When your adult dog is ready to begin their new exercise journey it is best to assess your dog’s health first to avoid any complications, whether this be a young adult or a senior.

 

For example, for an older dog who has spent most their time on a comfortable bed, a day of high activity could quickly turn painful. Medical problems, such as arthritis, heart disease, intervertebral disk disease, pulmonary problems (including heartworm disease), and obesity, can limit a dog’s tolerance for high activity and potentially create further health issues. Ask your veterinarian for the best way to create a healthy activity plan for your dog if any health concerns apply.

 

When you do go for your first outing, start out slowly and have reasonable expectations. While you might be itching to jog 5km, your dog might not be physically ready. It is important to start with small steps to safely build up your dog’s ability:

 

Begin with 500m increments. After you have run or jogged 500m, make sure your dog looks like they are comfortable to continue. Do this for a maximum of 3km. You can double this rule of thumb for moderate hiking. And remember, you can always increase the length of your workout if your dog completes the initial outing with flying colours.

 

Also monitor your dog’s heat tolerance during exercise, especially if you are working out in hot, humid areas or if your dog is a brachycephalic (short-nose) breed.
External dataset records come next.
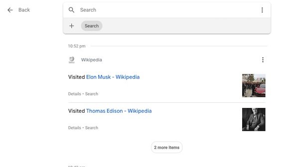 5. تاریخچه جستوجوها و صفحاتی که مشاهده کردهاید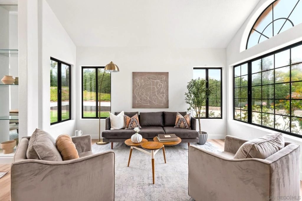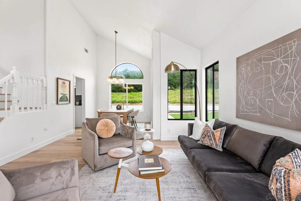 Perched at the highest point of a quiet, premier cul-de-sac, this is more than a home, it is a private sanctuary. Enveloped by the rolling hills and famous avocado groves of Fallbrook, this property offers a rare sense of elevation and seclusion. Here, the "hustle and bustle" feels worlds away, replaced by cooling breezes and an expansive backyard oasis designed for true California indoor-outdoor living. Inside, the home has been meticulously reimagined with a designer’s eye. Every surface feels intentional, from the crisp new flooring to the fresh, sophisticated palette that carries through every room. The heart of the home features brand-new slab countertops in the kitchen and all three bathrooms, complemented by striking designer lighting in the entry and formal dining spaces. The primary ensuite serves as a private spa, recently transformed with a stunning, never-used walk-in shower featuring dual showerheads, high-end slab finishes, and bespoke tile work. With five generous bedrooms and three full baths, the floor plan is as functional as it is beautiful. The dual fireplaces, located in both the upstairs and downstairs living areas have been artfully redone, providing a warm focal point for every season. This is a home that looks forward. A large lot with infrastructure already set for your future ADU. A 3-car garage as well as a Tesla charger, supported by a solar panel system, ensuring your retreat is as efficient as it is elegant. Discover the lush landscapes and small-town charm that make Fallbrook one of San Diego’s most coveted inland gems.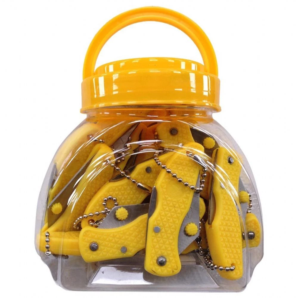 A counter top tub of small bait penknives. These are perfect for cutting up strips of bait.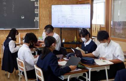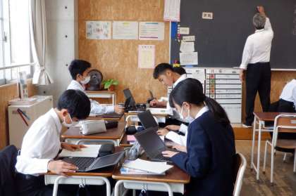 1−Bの国語の授業風景です。「『言葉』をもつ鳥、シジュウカラ」の学習をしています。端末を使って、文章の読み取りをしています。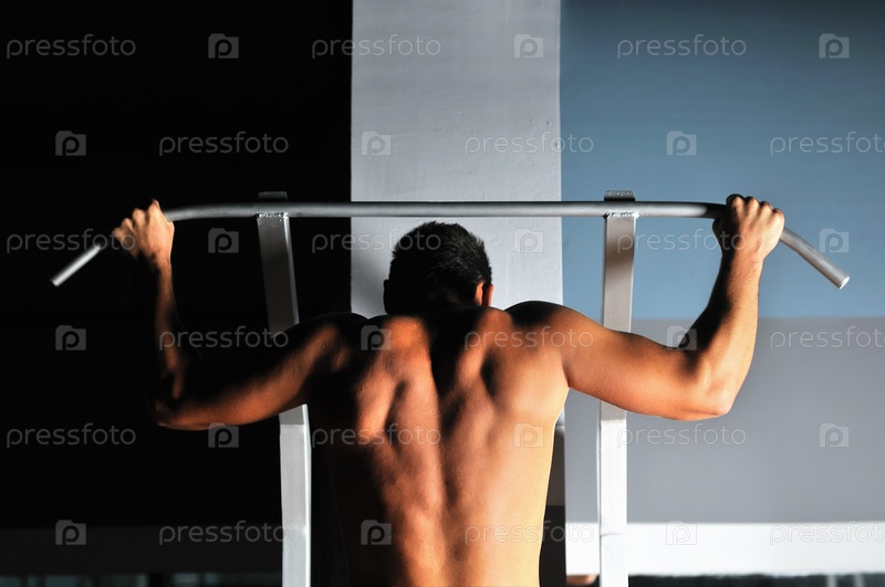 Молодой человек подтягивается на турнике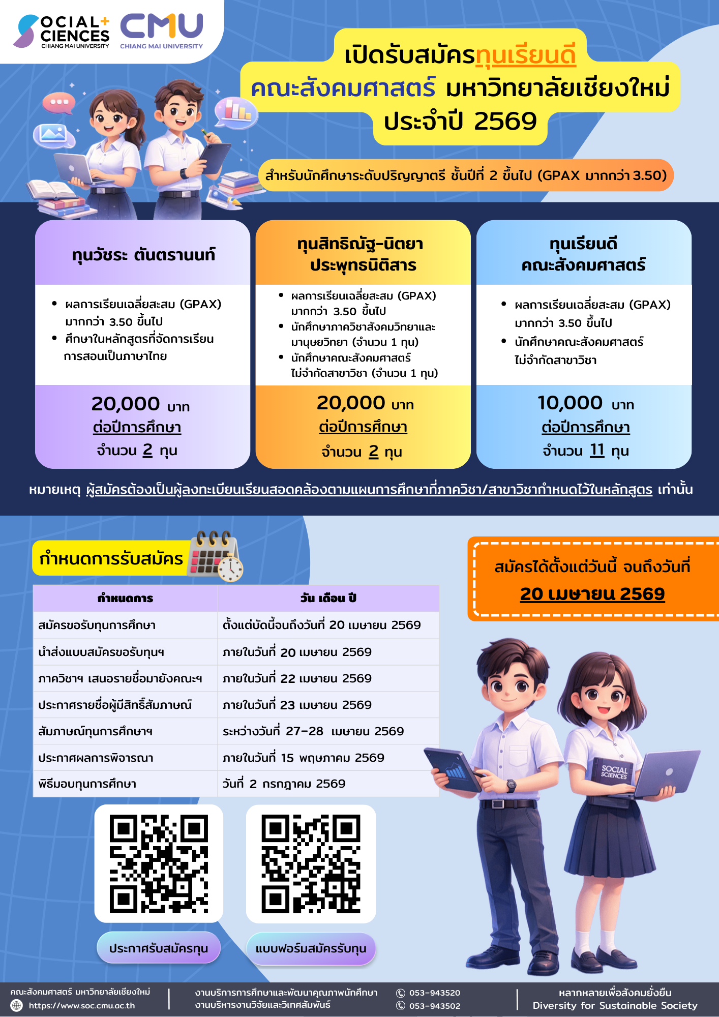 ทุนเรียนดี คณะสังคมศาสตร์ จำนวน 11 ทุน ทุนละ 10,000 บาท ต่อปีการศึกษา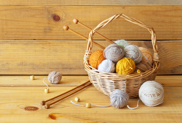 Beige and soft pink colors of woolen and acrylic threads. There are pearl beads on the balls. Still life. Sackcloth. Fabric background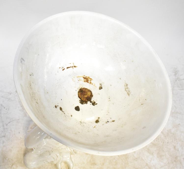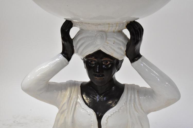 Lot 232 of 1493: A 20th century ceramic decorative Blackamoor plant stand, with large circular white glazed bowl on the head of a seated gentleman wearing a turban and traditional robes, height 74cm.
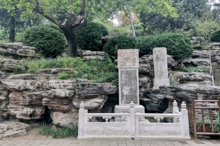 現(xiàn)此處立有碑刻兩通,分別為:“明思宗殉國(guó)處”碑和明思宗殉國(guó)三百年紀(jì)念碑

Ensure your dog has plenty of access to fresh water during your work out and watch for
excessive panting, an enlarged and flattened tongue, and sluggish behaviour, all of which are signs of overheating. Plan for any longer trips and ensure your dog has plenty of rest time.

 

It is also important to feed your dog the right nutritional diet to help fuel their performance. The Eukanuba Premium Sport diet has an adapted blend of nutrients, high protein and added joint support to help your dog achieve their mental and physical best.

 

The final point is to remember to have fun! Having your canine companion join you on your fitness journey is a reward in itself and here at Eukanuba™, is something we would love to see more of.